On Sep 23, 2005, at 15:29 PM, Eugene Gladchenko wrote:
Maybe the pragma is doingmore than it should
Oh no!
"encoding" pragma does much more than just indicating the encoding
of a
script. Here is the quote:
The encoding pragma also modifies the filehandle layers of STDIN and
STDOUT to the specified encoding.
But we do not use STDIN/STDOUT so that should be a non-issue.
By default, if strings operating under byte semantics and strings with
Unicode character data are concatenated, the new string will be
created
by decoding the byte strings as ISO 8859-1 (Latin-1).

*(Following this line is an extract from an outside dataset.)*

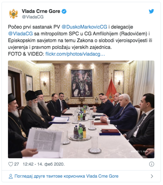 14/02/2020 15/02/2020 Састанак премијера Црне Горе Душка Марковића и митрополита црногорско-приморског Амфилохија завршен је после пет сати.    Састанак је одржан у вили „Горица“ у Подгорици. Разговори су почели око 11 сати, а разговарало се о спорном Закону о слободи вероисповести. ​Делегације Владе Црне Горе и Епископског савета разговарале су о спорном Закону због ког грађани...

The encoding pragma changes this to use the specified encoding
instead.
For example:
use encoding 'utf8';
my $string = chr(20000); # a Unicode string
utf8::encode($string); # now it's a UTF-8 encoded byte string
# concatenate with another Unicode string
print length($string . chr(20000));
Will print 2, because $string is upgraded as UTF-8. Without "use
encoding 'utf8';", it will print 4 instead, since $string is three
octets when interpreted as Latin-1.
Right, but the effect should be lexical. So other than strings that
are upgraded as utf-8 being passed through to Net::LDAP as arguments,
it should have no effect. And Net::LDAP should already handle UTF-8
strings ok. But maybe there is one place that has been missed.
What I don't get is that the issue arises as a decode issue and all
strings that are fed into the decode come from the socket and should
not have this issue.
Graham.